I was working in the bar I'm now at, and had a very "normal" seeming customer who asked me out, I had a boyfriend and told him so, and he seemed fine with that...at the time.
He continued to frequent the bar, would make polite conversation, and I didn't think anything of it.
Then the trouble started. Somehow he found out where I lived...he may have followed me home as I was still driving at this time. I started to find flowers and cards at my door in the morning, love letters in my mailbox with no stamps on them, and sometime just envelopes with money in them...all with no name.
This would happen about every other day.
This really scared me, as I had no idea who it was, and he obviously knew the "safe" times to leave these things.
He also could've very easily been watching me when I was home!
Finally after about 2 months of this, he wrote his name and number down for a customer, I saw it, and recognized the writing...I freaked!
I told I knew what he'd been doing, and to stop. He apologized, and left the bar.
3 days later, when I got home from work at 3 a.m. my front door (I lived in a small house then) was wide open, and so was a window in front.
I went to the corner market and called the police. (no way was I going inside!)
When we entered the house, all my clothes had been piled on my waterbed (this was the early '80's) and the bed had been slashed ruining my clothes, my sons babybook was gone, many photos had been taken from albums...but not all (this was scary because he obviously took his sweet time), my underwear drawer was ransacked and items (sexy) were gone, and he had poured Comet/Ajax cleanser into my large aquarium, killing my fish!
Nothing of monetary value was missing, which made me believe it was him.
The police dusted the place, and found prints but had no record of them.
After this happened, I never got another note or anything else from him, and he never returned to the bar...
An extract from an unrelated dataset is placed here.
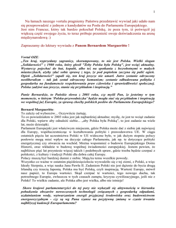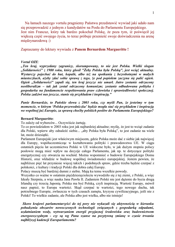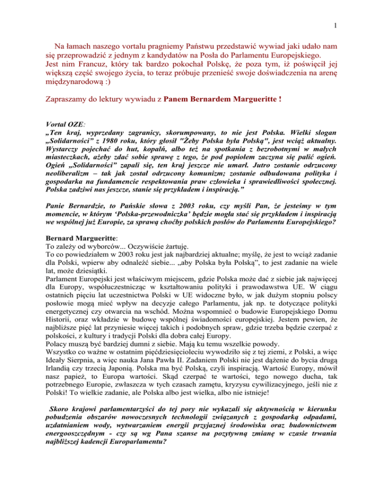 1 Na łamach naszego vortalu pragniemy Państwu przedstawić wywiad jaki udało nam się przeprowadzić z jednym z kandydatów na Posła do Parlamentu Europejskiego. Jest nim Francuz, który tak bardzo pokochał Polskę, że poza tym, iż poświęcił jej większą część swojego życia, to teraz próbuje przenieść swoje doświadczenia na arenę międzynarodową :) Zapraszamy do lektury wywiadu z Panem Bernardem Margueritte ! Vortal OZE: „Ten kraj, wyprzedany zagranicy, skorumpowany, to nie jest Polska. Wielki slogan „Solidarności” z 1980 roku, który głosił "Żeby Polska była Polską", jest wciąż aktualny. Wystarczy pojechać do hut, kopalń, albo też na spotkania z bezrobotnymi w małych miasteczkach, ażeby zdać sobie sprawę z tego, że pod popiołem zaczyna się palić ogień. Ogień „Solidarności” zapali się, ten kraj jeszcze nie umarł. Jutro zostanie odrzucony neoliberalizm – tak jak został odrzucony komunizm; zostanie odbudowana polityka i gospodarka na fundamencie respektowania praw człowieka i sprawiedliwości społecznej. Polska zadziwi nas jeszcze, stanie się przykładem i inspiracją.” Panie Bernardzie, to Pańskie słowa z 2003 roku, czy myśli Pan, że jesteśmy w tym momencie, w którym ‘Polska-przewodniczka’ będzie mogła stać się przykładem i inspiracją we wspólnej już Europie, za sprawą choćby polskich posłów do Parlamentu Europejskiego? Bernard Margueritte: To zależy od wyborców... Oczywiście żartuję. To co powiedziałem w 2003 roku jest jak najbardziej aktualne; myślę, że jest to wciąż zadanie dla Polski, wpierw aby odnaleźć siebie... „aby Polska była Polską”, to jest zadanie na wiele lat, może dziesiątki. Parlament Europejski jest właściwym miejscem, gdzie Polska może dać z siebie jak najwięcej dla Europy, współuczestnicząc w kształtowaniu polityki i prawodawstwa UE. W ciągu ostatnich pięciu lat uczestnictwa Polski w UE widoczne było, w jak dużym stopniu polscy posłowie mogą mieć wpływ na decyzje całego Parlamentu, jak np. te dotyczące polityki energetycznej czy otwarcia na wschód. Można wspomnieć o budowie Europejskiego Domu Historii, oraz wkładzie w budowę wspólnej świadomości europejskiej. Jestem pewien, że najbliższe pięć lat przyniesie więcej takich i podobnych spraw, gdzie trzeba będzie czerpać z polskości, z kultury i tradycji Polski dla dobra całej Europy. Polacy muszą być bardziej dumni z siebie. Mają ku temu wszelkie powody. Wszystko co ważne w ostatnim pięćdziesięcioleciu wywodziło się z tej ziemi, z Polski, a więc Ideały Sierpnia, a więc nauka Jana Pawła II. Zadaniem Polski nie jest dążenie do bycia drugą Irlandią czy trzecią Japonią. Polska ma być Polską, czyli inspiracją. Wartość Europy, mówił nasz papież, to Europa wartości. Skąd czerpać te wartości, tego nowego ducha, tak potrzebnego Europie, zwłaszcza w tych czasach zamętu, kryzysu cywilizacyjnego, jeśli nie z Polski! To wielkie zadanie, ale Polska albo jest wielka, albo nie istnieje! Skoro krajowi parlamentarzyści do tej pory nie wykazali się aktywnością w kierunku pobudzenia obszarów nowoczesnych technologii związanych z gospodarką odpadami, uzdatnianiem wody, wytwarzaniem energii przyjaznej środowisku oraz budownictwem energooszczędnym - czy są wg Pana szanse na pozytywną zmianę w czasie trwania najbliższej kadencji Europarlamentu? 2 Jednym z priorytetów mojej działalności jako europosła będzie ochrona środowiska naturalnego. W tej dziedzinie toczą się aktywne prace w parlamencie, także związane z walką z ociepleniem klimatycznym. Nawet jeśli dotychczas nie było takiej bezpośredniej inicjatywy ze strony polskich posłów dot. nowoczesnych technologii w dziedzinie środowiska, mam zamiar się w te prace włączyć. Patrząc z perspektywy europejskiej łatwiej widać, w sposób bardziej klarowny, jak kluczowe są sprawy związane z ochroną środowiska. Tu nie ma wyboru. Chodzi o ocalenie naszej ziemi, o zabezpieczenie przyszłości naszych dzieci. Proszę powiedzieć, czy wydaje się Panu, że polskim posłom, starczy hartu ducha i umiejętności wznoszenia się nad podziałami, aby w obliczu sprzecznych euro-interesów, stanowić wspólny, polski front w walce o realizowanie swoich koncepcji i projektów? Z którymi z europosłów byłby Pan w stanie taki front tworzyć? Nie mam wątpliwości, że na pewno znajdą się posłowie, z którymi będę współpracować. Europejska Partia Ludowa (Chrześcijańska Demokracja), której stanę się członkiem jest największą frakcją w Parlamencie, więc mam nadzieję, że wspólnie z innymi polskimi posłami, (których większość z polskiej 50-tki też będzie z ramienia tej grupy) uda nam się utworzyć front międzynarodowy i przekonać do swoich koncepcji większość parlamentarną. Istnieje Klub Polski, klub wszystkich polskich europosłów. Zbiera się raz na miesiąc w Strasburgu. Ale Klub Polski to nie spotkania raz na miesiąc, „klub polski”, każdy musi mieć w swoim sercu i w każdej sekundzie. Są przecież znakomici europosłowie, niezależnie od przynależności partyjnej, jak Saryusz-Wolski, Buzek, Rosati, Siekierski czy inni. Zarówno Pańskie światowe obycie, jak i swobodne poruszanie się w kalejdoskopie kulturowych i mentalnych różnic, pozwalają niewątpliwie na bardziej wnikliwą analizę przyczyn polskich zaniedbań zarówno w obrębie rozwijania rynku nowoczesnych technologii, ale także wciąż niskiej świadomości ekologicznej. Proszę powiedzieć jak przyspieszyć taką mentalną przemianę, by bezinteresowna dbałość zarówno o jakość przyrody, ale także jakość życia naszych ‘braci mniejszych’ była wrośnięta w świadomość nowoczesnego człowieka. Przyszłość zależy tu od współdziałania organizacji pozarządowych (i ich aktywności również internetowej), mediów i systemu edukacyjnego. Wszyscy razem muszą uwrażliwiać społeczeń

I never encouraged this guy and this is what happened to me...don't even talk to this man Alicia, I got off lucky.
Be smart and be safe.
post #22 of 35
This is why I stressed the importance of being assertive in my reply. Alicia , you come off as being a shy sort of person, and if you are not strong and assertive with a man like this, he will try and push you if he can. I don't worry about hurting people's feelings anymore. Remember, you don't owe this guy anything, no explanation for why you don't want to go out with him. Heck, you don't even owe him your time. Just be stern and tell him, no you aren't interested. If he pushes the issue, tell him you don't owe him an explanation, you are just not interested. And then tell him, LOUDLY, that he is SEXUALLY HARASSING you, making you feel uncomfortable, and if he continues to do so, you will call the authorities. If possible, say this with phone in hand. And always look the man square in the eyes.
post #23 of 35

Holy cow Cleo, that was some story!

Alicia, I really hope you're taking heed to these suggestions and stand firm to this guy. The women here have told you some very real scary stories. You don't owe him the time of day...so, don't even feel like you have to talk to him. He's nothing but a stranger, who's harrassing you. Tell him to get lost Alicia or tell him you'll call the police...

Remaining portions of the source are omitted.